**Dataset excerpts:**
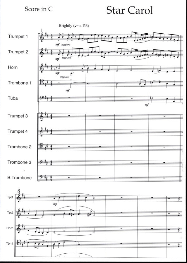 b) tentet with unison voices singing the melody and words as published by OUP c) 5tet (tpt 1, tpt 2, hn, trb1, tuba) and mixed voices, SATB as OUP version d) tentet with mixed voices (tpt3/4, trb 2/3/4 doubling voices as required.
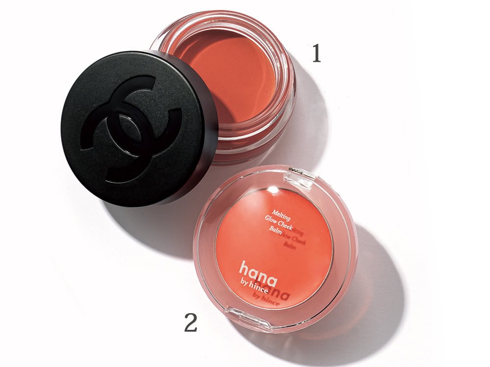1. リップ&チーク ボーム N°1ドゥ シャネル 全8色 ¥6,930/シャネル、2. hana by hince メルティンググロウチークバーム 全3色 ¥990/hince
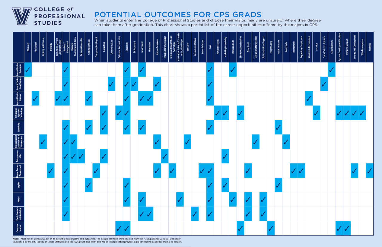 Every student is concerned about how their chosen major can impact their career path. At CPS, we want to make sure your choices in the classroom put you on the right path to finding the perfect role in your desired industry. Our team, along with the experts at Villanova's Career Center, built a helpful infographic to help you connect your education and your professional aspirations.
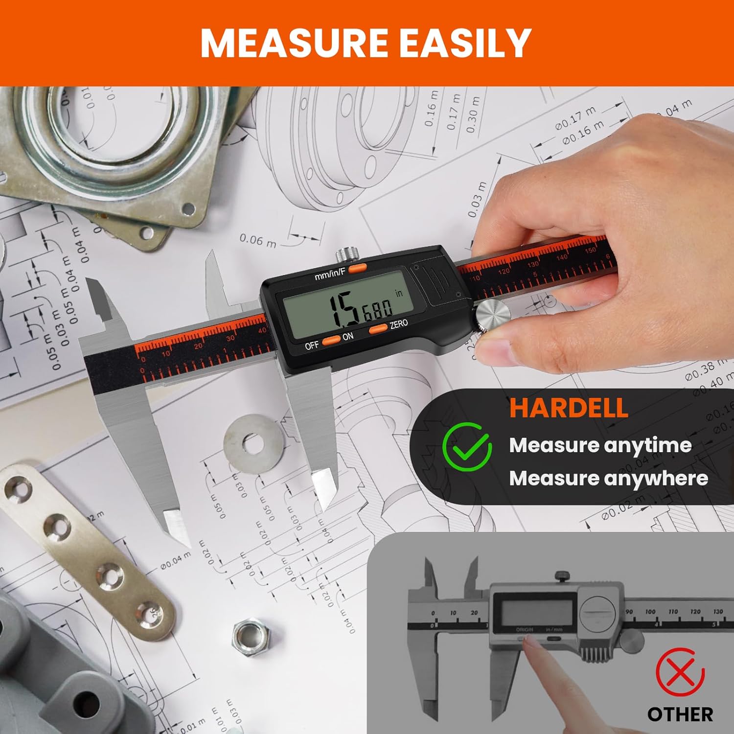 - [HIGH ACCURACY]-HARDELL digital micrometer has a measuring range of 0-200 mm/0-8 ". Resolution is 0.01 mm/0.0005". Accuracy is ±0.02mm/0.001 ". The knurled thumb wheel design ensures smooth measuring operation. This design prevents slipping or getting stuck. Precision and accurate digital vernier calipers are suitable for DIY, household, and 3D printing
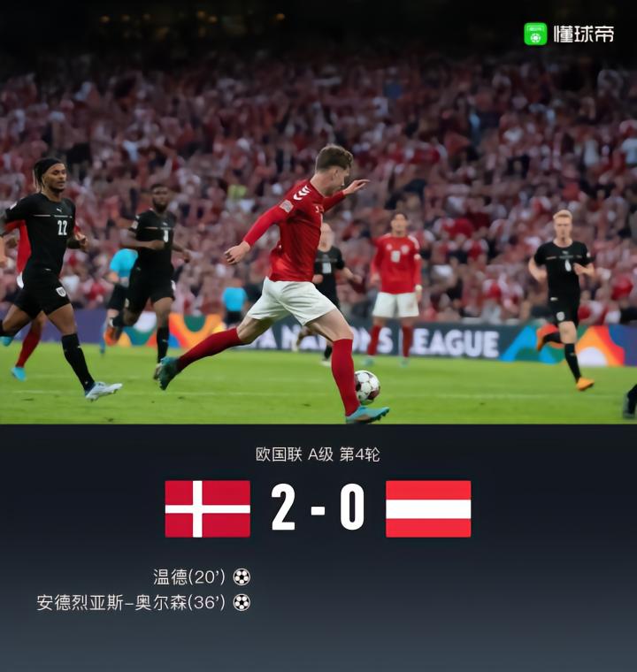 丹麦2-0奥地利,温德传射,奥尔森推射建功
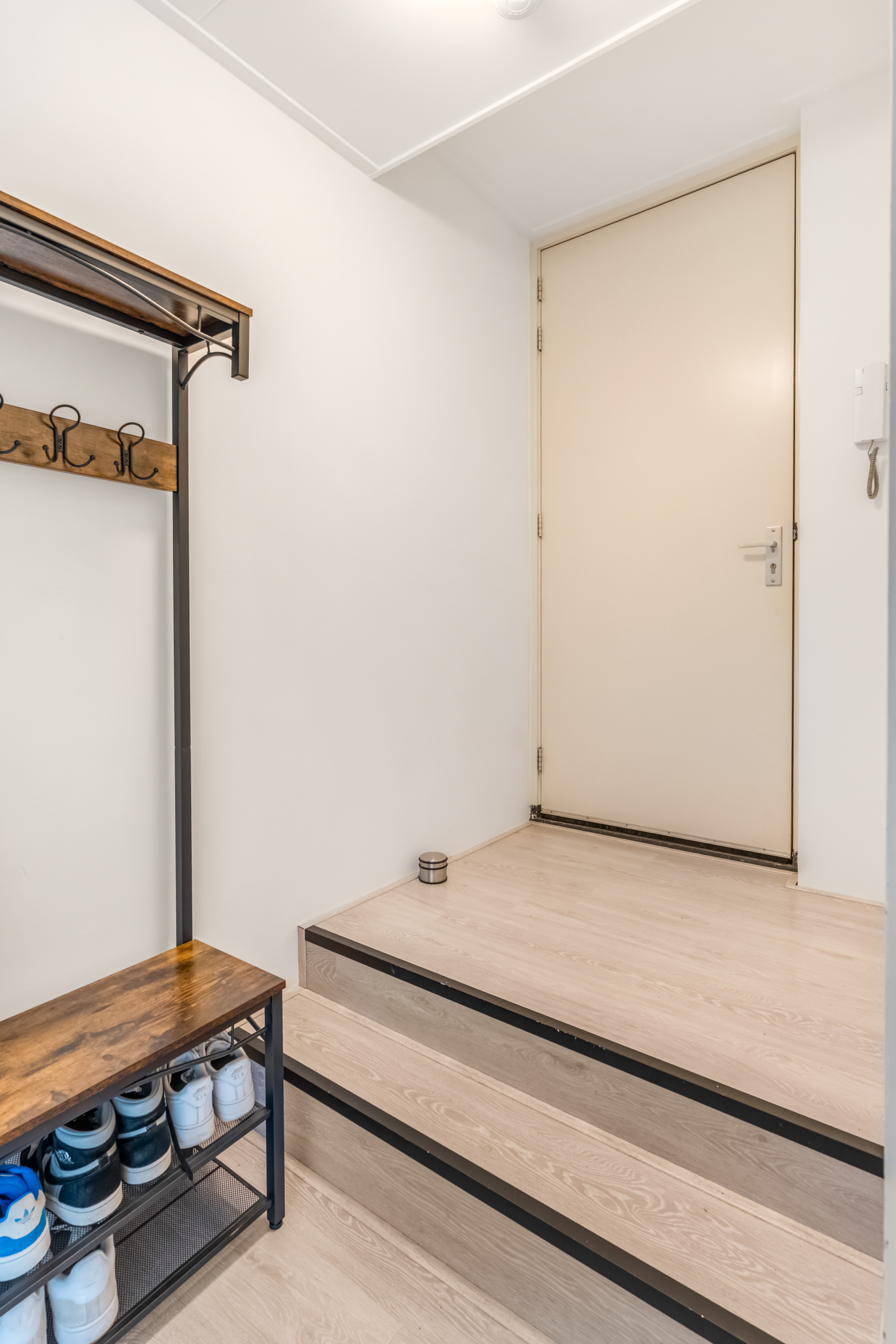 Het appartement is volledig voorzien van een lichte laminaatvloer, wat zorgt voor een frisse, moderne uitstraling. De speelse niveauverschillen maken de indeling uniek en geven het extra karakter. Bij het appartement is het mogelijk een huurcontract over te nemen voor een berging en twee parkeerplekken. Ideaal voor extra opslag en parkeergemak.

**What is being asked:** Having found the line with "- [HIGH ACCURACY]-HARDELL" and the line with "丹麦2-0奥地利,温德传射,奥尔森推射建功" in the material above, write out exactly those two and every line between, leaving the pictures out.

**Solution below:**
 - [HIGH ACCURACY]-HARDELL digital micrometer has a measuring range of 0-200 mm/0-8 ". Resolution is 0.01 mm/0.0005". Accuracy is ±0.02mm/0.001 ". The knurled thumb wheel design ensures smooth measuring operation. This design prevents slipping or getting stuck. Precision and accurate digital vernier calipers are suitable for DIY, household, and 3D printing
 丹麦2-0奥地利,温德传射,奥尔森推射建功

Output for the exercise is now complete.